Sabahleyin Feriha’nın seslenmesine gerek kalmadan uyandım. İlk işim kalkınca yatağımı toplamak oldu. Feriha’ya seslendikten sonra yola koyuldum. İş başı yapmadan önünden geçtiğim bir pastaneden 2 tane poğaça aldım. Dükkânımı açtıktan sonra, çayla beraber karnımı güzelce doyurduktan sonra işe koyuldum. Gazeteleri yerleştirdi. Büfenin içinde ufak tefek değişiklikler yaptım. İlk müşterimi beklemeye başladım. Çantamdan çıkardığım kitabımı dışarıdan görülecek şekilde yanı başıma koydum. Ekrem Abinin yerinde beni gören müşteriler ilkten ufak bir şaşkınlık yaşıyorlardı. Öğlene doğru göz ucuyla hasılata baktım bayağı iyi geldi bana.
****
Önündeki diafonun düğmesine basan Güvenç Bey,
‘’ Hürrem, yanıma gelir misin kızım.’’
‘’ Hemen geliyorum Efendim.’’
Aceleyle yerinden kalkan Hürrem, ‘’ Oh be nihayet sessizliğe son verdi bizim patron’’ diye düşünürken, Güvenç Beyin kapısını bir iki kere tıklattı.
‘’ Gel içeri Hürrem.’’
Patronunun gösterdiği yere ilişen Hürrem, beklemeye başladı.
‘’ Hürrem beni can kulağı ile dinle. Masanın üzerinde duran bu dosyayı eve giderken yanına alacaksın. Yarın sabah ofise uğramadan dosya ile beraber, İstiklal caddesinde Rus Başkonsolosluğunun ön tarafında bulunan büfede çalışan adama teslim edeceksin. Dosyayı vermeden önce Güvenç beyin selamı olduğunu söyle. Güveç Bey kim falan derse dosyayla beraber ofise gel. Rahat ol tarif ettiğim yeri kolayca bulacaksın. Adamın adı Ekrem haberin olsun.
ÜÇ GÜN ÖNCE
Paydosa yarım saat kala, Güvenç Bey odasından çıkarak İlayda’nın yanına geldi.

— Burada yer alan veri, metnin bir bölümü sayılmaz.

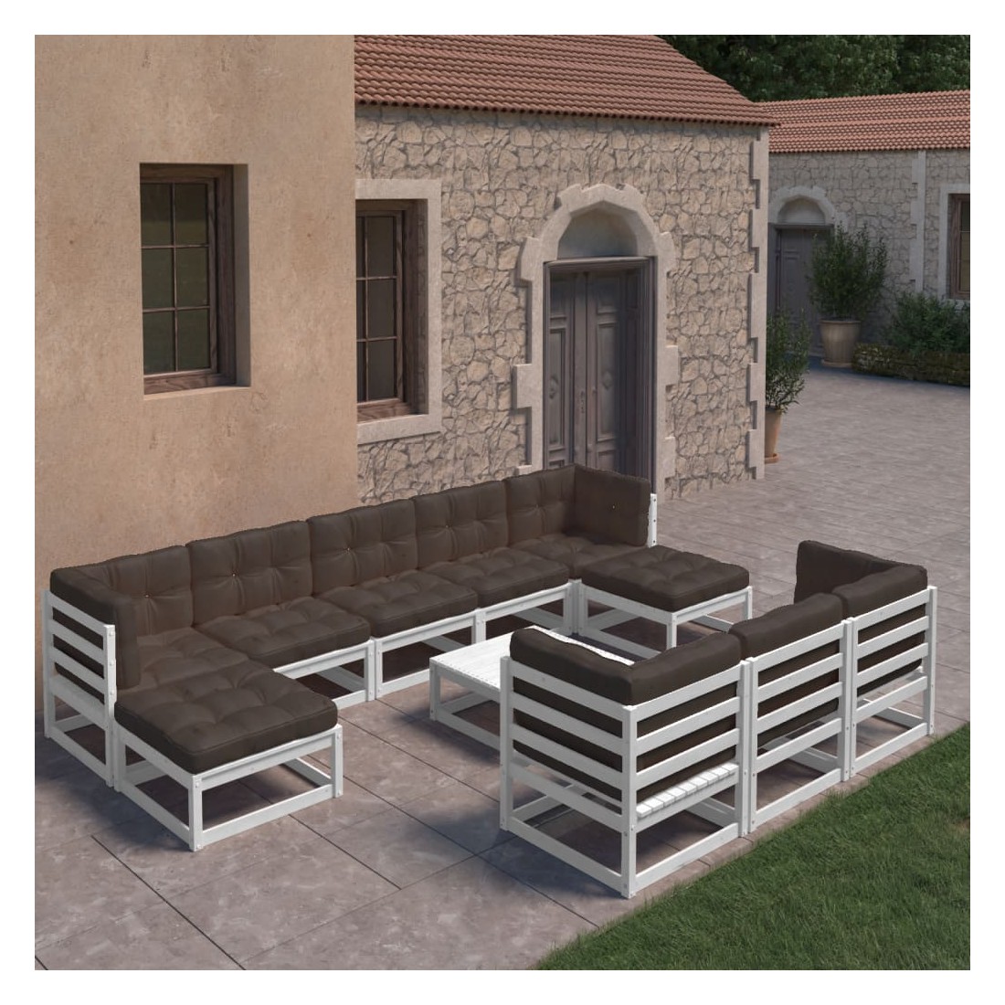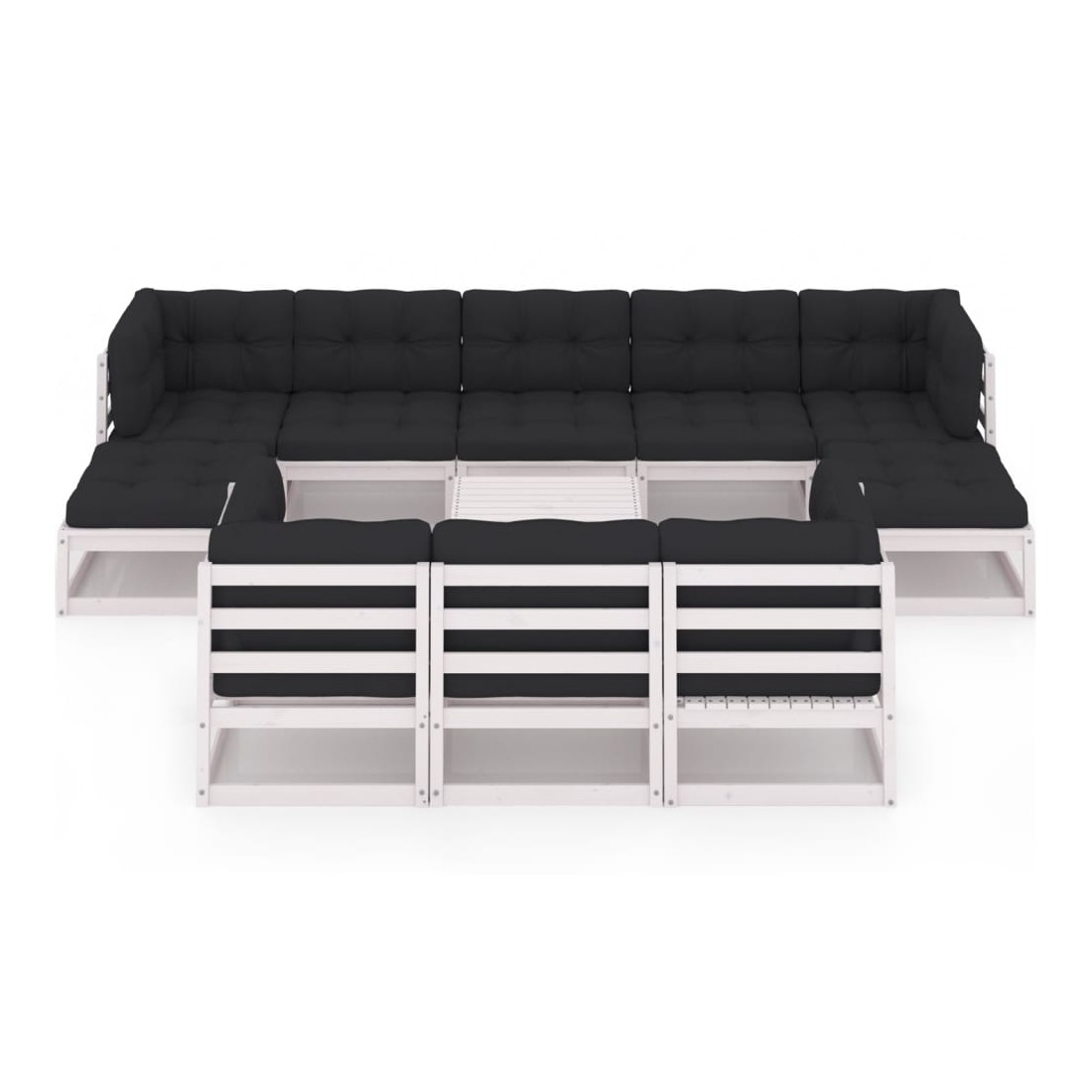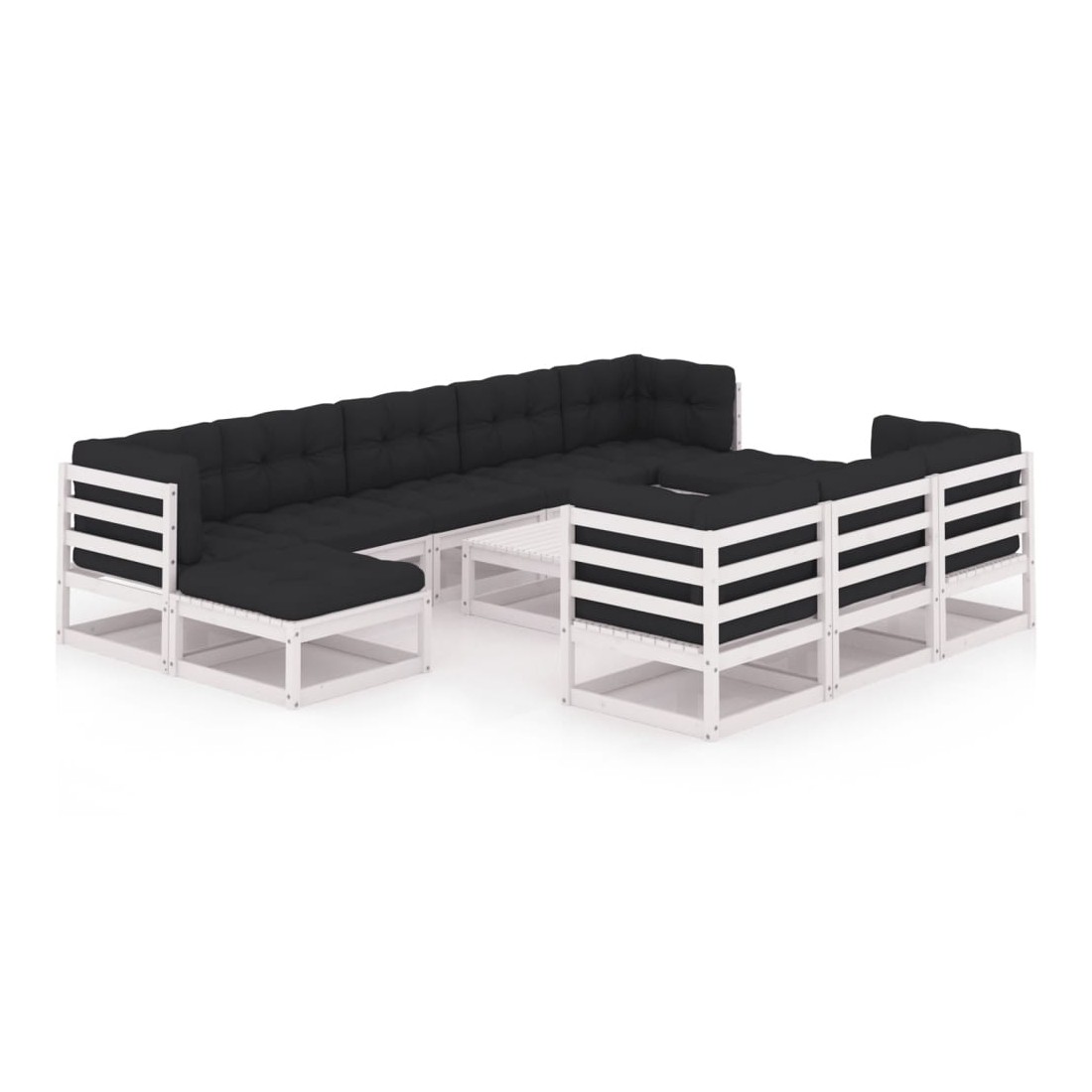 Salon de jardin 11 pcs avec coussins Blanc Bois de pin massif
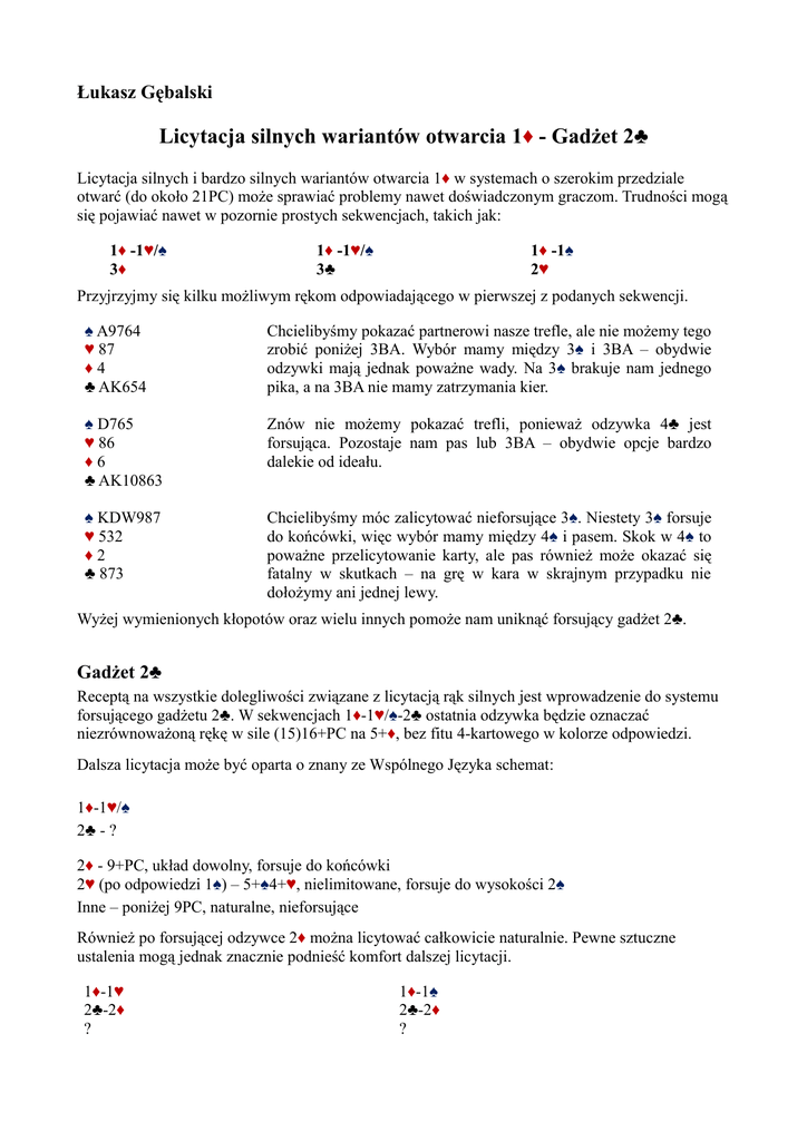 Łukasz Gębalski Licytacja silnych wariantów otwarcia 1♦ - Gadżet 2♣ Licytacja silnych i bardzo silnych wariantów otwarcia 1♦ w systemach o szerokim przedziale otwarć (do około 21PC) może sprawiać problemy nawet doświadczonym graczom. Trudności mogą się pojawiać nawet w pozornie prostych sekwencjach, takich jak: 1♦ -1♥/♠ 3♦ 1♦ -1♥/♠ 3♣ 1♦ -1♠ 2♥ Przyjrzyjmy się kilku możliwym rękom odpowiadającego w pierwszej z podanych sekwencji. ♠ A9764 ♥ 87 ♦4 ♣ AK654 Chcielibyśmy pokazać partnerowi nasze trefle, ale nie możemy tego zrobić poniżej 3BA. Wybór mamy między 3♠ i 3BA – obydwie odzywki mają jednak poważne wady. Na 3♠ brakuje nam jednego pika, a na 3BA nie mamy zatrzymania kier. ♠ D765 ♥ 86 ♦6 ♣ AK10863 Znów nie możemy pokazać trefli, ponieważ odzywka 4♣ jest forsująca. Pozostaje nam pas lub 3BA – obydwie opcje bardzo dalekie od ideału. ♠ KDW987 ♥ 532 ♦2 ♣ 873 Chcielibyśmy móc zalicytować nieforsujące 3♠. Niestety 3♠ forsuje do końcówki, więc wybór mamy między 4♠ i pasem. Skok w 4♠ to poważne przelicytowanie karty, ale pas również może okazać się fatalny w skutkach – na grę w kara w skrajnym przypadku nie dołożymy ani jednej lewy. Wyżej wymienionych kłopotów oraz wielu innych pomoże nam uniknąć forsujący gadżet 2♣. Gadżet 2♣ Receptą na wszystkie dolegliwości związane z licytacją rąk silnych jest wprowadzenie do systemu forsującego gadżetu 2♣. W sekwencjach 1♦-1♥/♠-2♣ ostatnia odzywka będzie oznaczać niezrównoważoną rękę w sile (15)16+PC na 5+♦, bez fitu 4-kartowego w kolorze odpowiedzi. Dalsza licytacja może być oparta o znany ze Wspólnego Języka schemat: 1♦-1♥/♠ 2♣ - ? 2♦ - 9+PC, układ dowolny, forsuje do końcówki 2♥ (po odpowiedzi 1♠) – 5+♠4+♥, nielimitowane, forsuje do wysokości 2♠ Inne – poniżej 9PC, naturalne, nieforsujące Również po forsującej odzywce 2♦ można licytować całkowicie naturalnie. Pewne sztuczne ustalenia mogą jednak znacznie podnieść komfort dalszej licytacji. 1♦-1♥ 2♣-2♦ ? 1♦-1♠ 2♣-2♦ ? 2♥ - sztuczne, (15)16+PC, 5+♦4+♣ 2♥ - (15)16+PC, 5+♦4♥ 2♠ - (15)16+PC, 5+♦4♠ 2♠ - sztuczne, (15)16+PC, 5+♦4+♣ 2BA – 15-16PC, 6♦, ręka dobra do zajęcia BA 2BA – 15-16PC, 6♦, ręka dobra do zajęcia BA 3♣ - sztuczne, 16-17PC, 6+♦, transfer na ♦ 3♦ - 18+PC, 6+♦, bez 3♠ 3♦ - 18+PC, 6+♦, bez 3♥ 3♥ - 18+PC, 6+♦3♠, krótkość ♥ 3♥ - 18+PC, 6+♦, 3♥ 3♠ - 18+PC, 6+♦3♠ 3♠ - 18+PC, 6+♦3♥, krótkość ♠ 3BA – 18+PC, 6+♦, bez 3♠, ręka dobra do BA 3♣ - sztuczne, 16-17PC, 6+♦, transfer na ♦ 3BA – 18+PC, 6+♦, bez 3♥, ręka dobra do BA Sztuczne dwa w kolor odpowiedzi pomoże nam precyzyjniej licytować z rękami karowotreflowymi, transfer na 6+♦ pozwoli zaś dokładniej bilansować ręce monokolorowe oraz oddaje do naszej dyspozycji dodatkową odzywkę 3♦, którą możemy wykorzystać w charakterze odzywki wyczekującej (tzw. waitingu). Uzbrojeni w powyższe ustalenia spróbujmy przelicytować kilka problemowych rozdań. Ręka W Ręka E Gadżet 2♣ Licytacja klasyczna ♠7 ♥ AD8 ♦ KW8764 ♣ AD8 ♠ KDW1098 ♥ 743 ♦3 ♣ 653 1♦-1♠ 2♣-2♠ 3♦-3♠ Pas… 1♦-1♠ 3♦-4♠ Pas… ♠ A7 ♥ AD84 ♦ AD1076 ♣ 84 ♠ 8654 ♥ K3 ♦3 ♣ K109765 1♦-1♠ 2♣-3♣ Pas… 1♦-1♠ 2♥-3BA Pas… ♠ AK5 ♥ 74 ♦ ADW754 ♣ D5 ♠ D7653 ♥ 86 ♦6 ♣ AKW108 1♦-1♠ 2♣-2♦ 3♣-3♦ 3♠-4♠ Pas… 1♦-1♠ 3♦-3BA Pas… Stosowanie gadżetu 2♣ zmusza nas do licytowania rąk na kolorach młodszych w sile 11-14PC w jakiś inny sposób. Jak skutecznie radzić sobie z tym problemem przedstawię w drugiej części artykułu.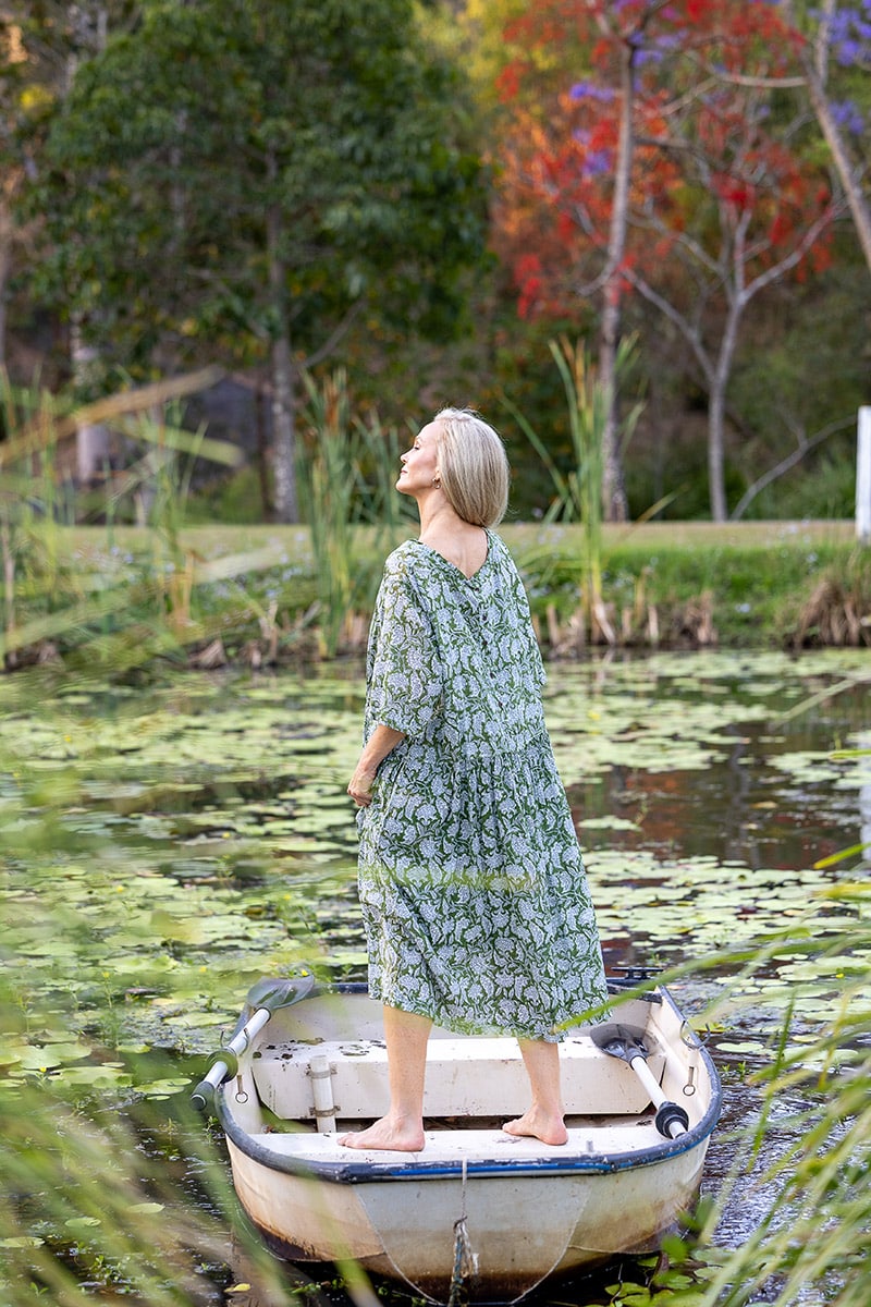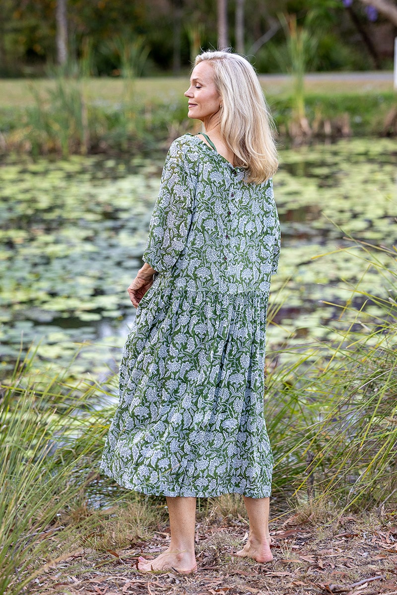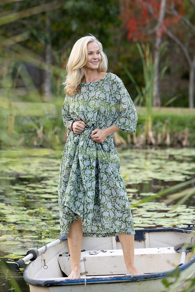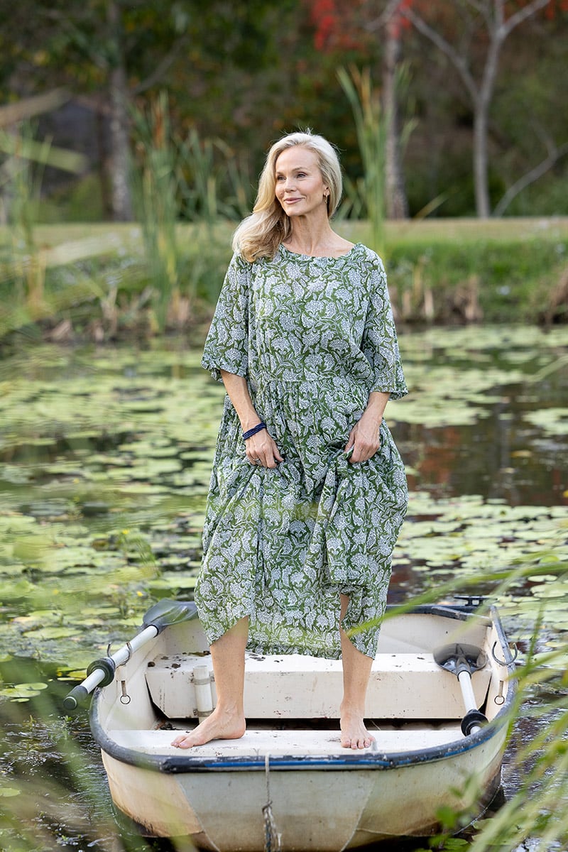 With a drop waist that gathers and falls into a flowing skirt, she moves with quiet freedom – a softness of spirit woven through every fold. Contrast-stitched metal buttons trail down the back (or front – sheโs fully reversible), adding a hint of character to her thoughtful design.

‘’ Hürrem, sen çıkabilirsin kızım. Ben biraz daha takılacağım.’’
‘’ Baş üstüne Güvenç Bey, Bir emriniz yoksa ben çıkıyorum.’’
‘’ Çıkabilirsin kızım.’’
Odasına geçen Güvenç Bey, İlayda’nın çıktığından emin olduktan sonra, cep telefonunu çıkartarak, bir numarayı tuşladı. Aradığı numara vakit kaybetmeden cevap verdi.
‘’ Emirlerinizi bekliyorum efendim. Neredeyse burada kök salmaya başlıyordum.’’
‘’ Biliyorum Adnan ama öyle icap etti. Akşam sekizde Tarabya’da her zaman çıktığım lokalde buluşalım.’’
‘’ Emredersiniz efendim. Hemen yola çıkıyorum.’’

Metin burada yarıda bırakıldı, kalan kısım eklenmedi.